Wednesday, July 22, 2015

Floor Speech- Iran Nuclear Agreement

Mr. President. I will go through all the due diligence provided for in the Iran Nuclear Agreement Review Act. I want to commend Senator Corker and Senator Cardin on the outstanding work they did to ensure the American people would have oversight and that Congress would have a vote on this deal. But I want to be sure we have a vote on this deal that is meaningful and not superficial.

I'm extremely concerned that the president will say in answer to people who condemn the agreement, ‘Well, if you don't like it, what would you do differently?’ or ‘It's this agreement or war.’

We need to do our responsibility. It's not a choice of this agreement or war. It's a choice of doing this agreement or doing the right thing for the American people.

As a businessperson, I learned a long time ago the best deals I ever made were the ones I walked away from before I closed them. The worst deals are the ones when my arm was behind my back and somebody said ‘Oh just get it out of the way and do it.’ Every one of those were bad. Every one of the ones I walked away from and was asked back to the table were good for a simple reason -- if you can't play hard to get in a negotiation, you’re going to be easy to get.

Teddy Roosevelt once said ‘Walk softly and carry a big stick’ and he was right. Unfortunately, this administration walked loudly and carried no stick at all. …

We reversed roles. The largest super power in the world lost its clout and Ayatollah Ali Khamenei and the Iranian government gained theirs just because they were willing to walk away from the table.

And then the trigger – at eight to eight and a half years – and as that time passes, the Iranians will begin to resume fissile nuclear material development. They’ll do some of their planning for strategic missiles when some of the restrictions of the agreement that take place in the beginning go away. Working towards an end where, at the end of two years, any agreement that would limit nuclear weapons breakout by the Iranian regime would be ended.

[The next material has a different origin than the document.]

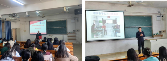 学院也非常重视师范生教育实习的质量。2月25日下午,学院一方面在一教701举行教育实习动员大会。化学教学论教师团队成员王赵志副教授和刘平教研员都对学生去到实习学校的生活、工作、与指导教师勾通、完成实习系列任务等进行讲解和任务布置。

The Iran negotiations started out as a deal to keep the Iranians from getting a nuclear weapon, stop nuclear proliferation in the Middle East and not allow the Middle East to become a nuclear armed camp. Unfortunately, I’m afraid this will not happen if this agreement is adopted in the form that I understand it to be. So when the president says ‘What would you do? Would you fight a war?’ I would say ‘No, I’d go back to the table.’

All those triggers along the way in the agreement are just steps toward allowing Iran to become what we said we didn't want Iran to be -- a nuclear armed power -- and potentially would allow the Middle East to go through nuclear proliferation. I'm afraid this is a staged platform from which this is exactly what will happen.

I will listen to every word by the administration. I will go to every briefing. I will do my due diligence as a senator of the United States and a representative of the people of Georgia.

When I cast a vote it is going to be in the best interest of my children and grandchildren and yours. It’s going to be making the best deal we can make for the American people, it’s doing everything we can to limit the proliferation of nuclear weapons and doing everything we can to make sure those who say ‘death to America’ before every speech understand that America is the greatest democracy on the face of this Earth.

We will walk softly but we will carry a big stick and we will insist on negotiations that are good not just for the other side but for the American people as well.